▶ What is being asked
Look through the data below, and copy each line that carries the word "designed".

*** Block opens ***

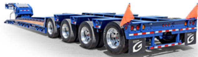
SERVICE FOR TRAILERS
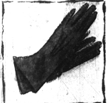
Wearright Gloves ---- $1.95
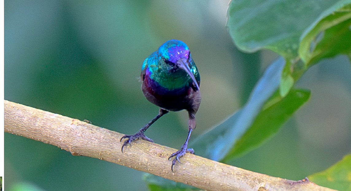
Orange-tufted Sunbird

created a spectacular cacophony, but unfortunately they somehow eluded us before the paying chimp trekkers arrived, at which we returned to the main track that leads through the forest, and spent the rest of the morning seeing Red-chested Owlet, Red-chested Cuckoo and Western Black-headed Oriole. After lunch and some down time we utilised the latter part of the afternoon to bird along the main road, before some over-zealous military officials decided it was unsafe for us to be there despite it having been cleared with park officials. Still, before we were moved on, we did manage to see Western Nicator and Sabine's Spinetail.
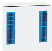
Well placed air vents to the rear and base.
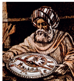
Al-Battani was an astronomer who calculated the length of the year most accurately.
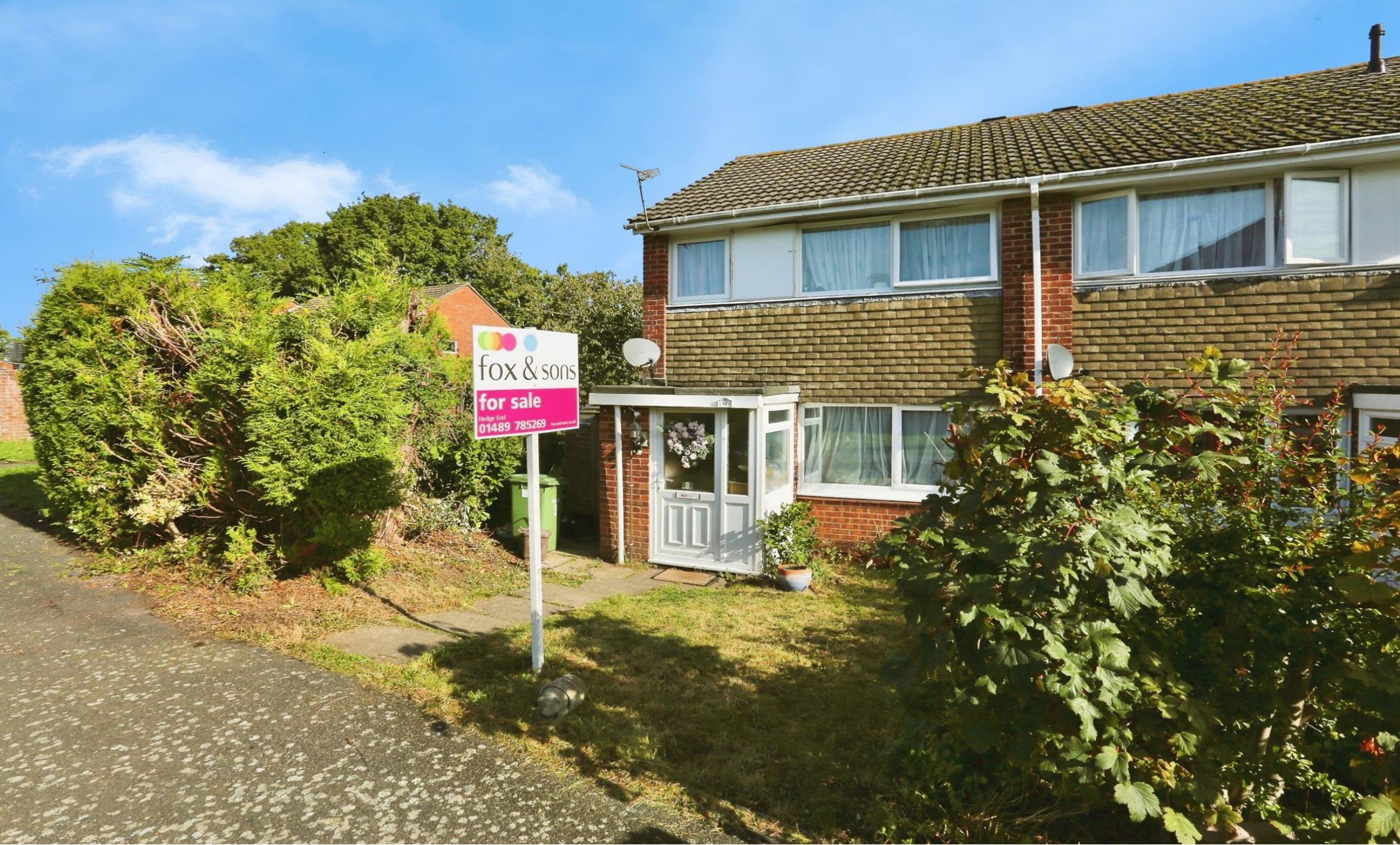
Paxton Close, Hedge End Southampton, SO30 0PB
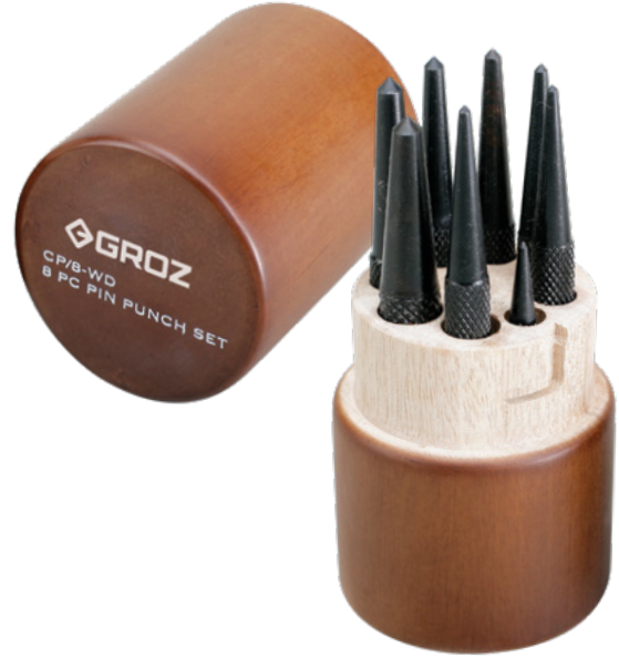
CP/8/WD/ST (Set in a wooden box)

Ideal for clearly marking metal in work layout & making indentations in a work piece before drilling to ensure correct location of drill points
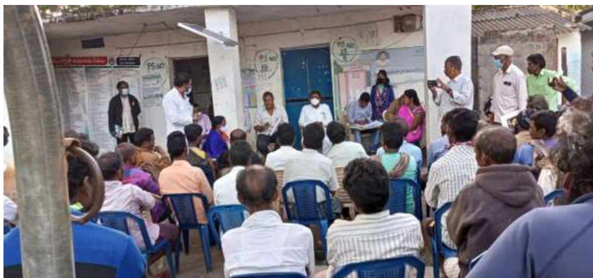
20th January 2022: PESA meeting at Valasi panchayat regarding mining

A meeting was organized on the issue of PESA on 20th January 2022 at Valasi Panchayat regarding the mining issues in their areas. A detailed discussion on mining and its impact was discussed and explained to the communities by the Samata Team
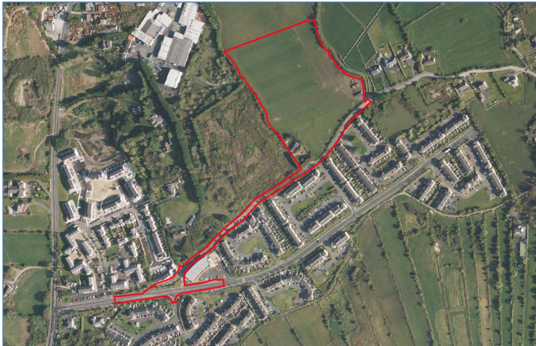
Figure 3: Site Extents
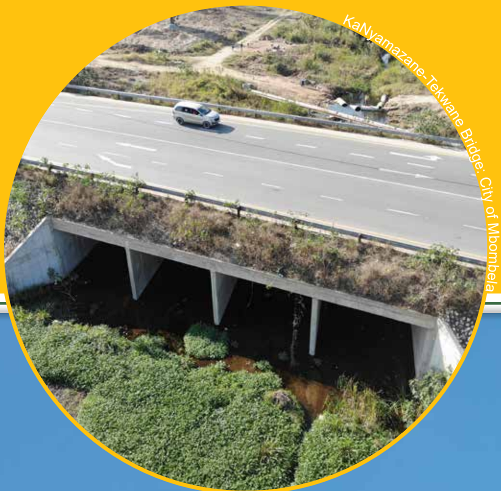
KaNyamazane-Tekwane Bridge: City of Mbombela
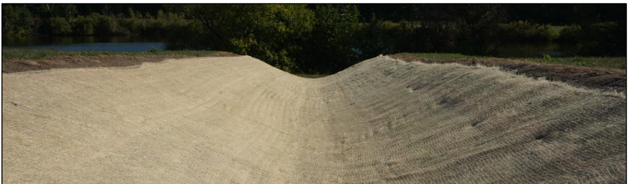
Figure 7: Completed installation of Curlex II FibreNet over soil filled TriNet Recyclex.

THE MOST TRUSTED NAME IN EROSION CONTROL
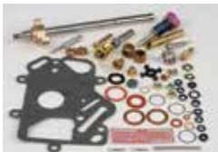
This image is for reference only. Kit contents may differ per kit

Marvel-Schebler "Quick Kits" are easy to use, and are designed to save you time and money. Quick Kits include not only the recommended replacement parts used in every overhaul, but the additional parts used by all fuel professionals to insure the job is done right.
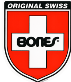
NEW BONES SWISS 15.75" SHIELD RAMP STICKER / SSBSSH16
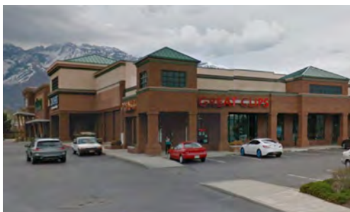
Draper Plaza Retail - 82,000 SF
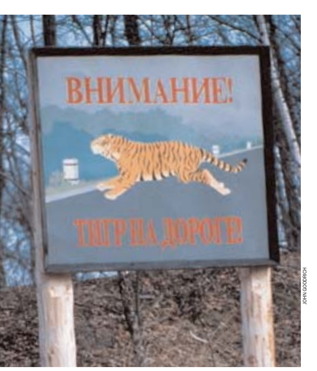
After Katya's cub was hit by a truck (above) on Khaunta Mi pass, a sign was erected that reads, "Attention! Tigers on the road." The sign (left) was designed by a Terney student who took part in a contest that was part of the Siberian Tiger Project's environmental education program.

to new territories. Remember, this is excellent tiger habitat and should be producing surplus tigers to populate other areas.
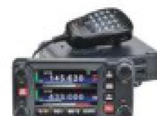
FTM-400XD 2M/440 Mobile
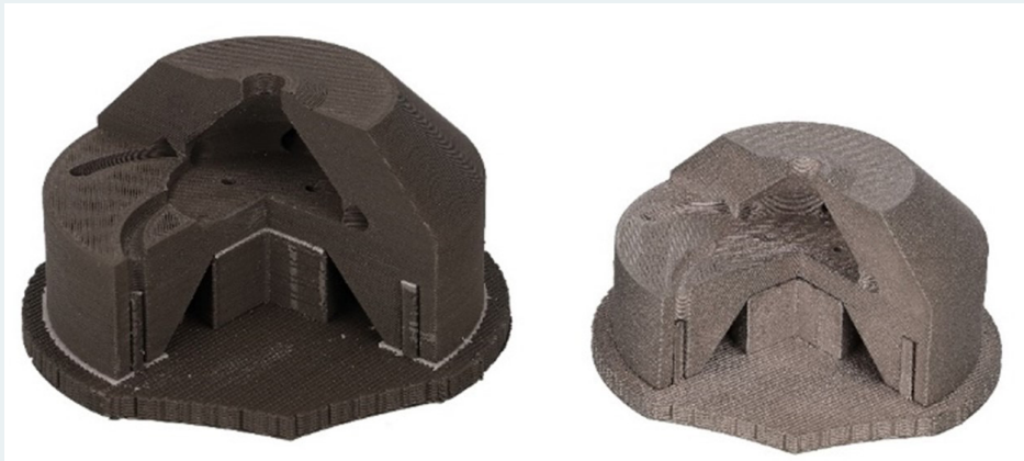
Figure 1 Green part with support structures and Ultrafuse Support Layer and sintered part with support structure
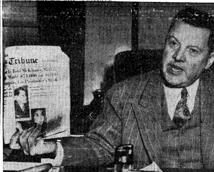
At Washington press conference, Democratic party chairman Frank E. McKinney holds up copy of story that revealed how he made $68,000 profit on $1,000 investment in Empire Tractor Co., which later went bankrupt. McKinney admitted making the profit but said it was "all ethical and honest."
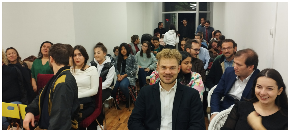
Lérida group November 2022
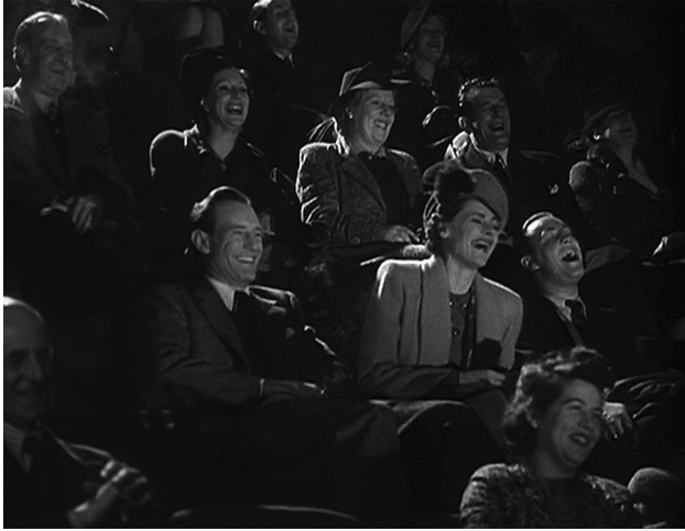
At the movies.
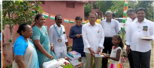
Independence Day Celebrations at Municipal Corporation English Medium Primary School No.98, Kakumanivari Thota, Guntur. Distributed Note Books, Stationery items and sweets & biscuits, on 15th August, 2024
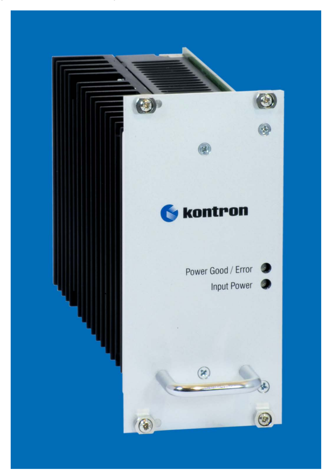
Figure 1: View of Power Supply Unit CP3-SVE-M100DC
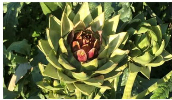
Sven Hoyt Community Garden Located on 32nd Street between Taylor Avenue and Donovan Avenue
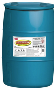
Heavy-Duty Rust Remover, 55 GAL
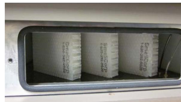
Most SmallCorp cases can be equipped with silica gel access ports so gel media can be changed without moving objects in the case

*** Block closes ***

▶ Response
Marvel-Schebler "Quick Kits" are easy to use, and are designed to save you time and money. Quick Kits include not only the recommended replacement parts used in every overhaul, but the additional parts used by all fuel professionals to insure the job is done right.
After Katya's cub was hit by a truck (above) on Khaunta Mi pass, a sign was erected that reads, "Attention! Tigers on the road." The sign (left) was designed by a Terney student who took part in a contest that was part of the Siberian Tiger Project's environmental education program.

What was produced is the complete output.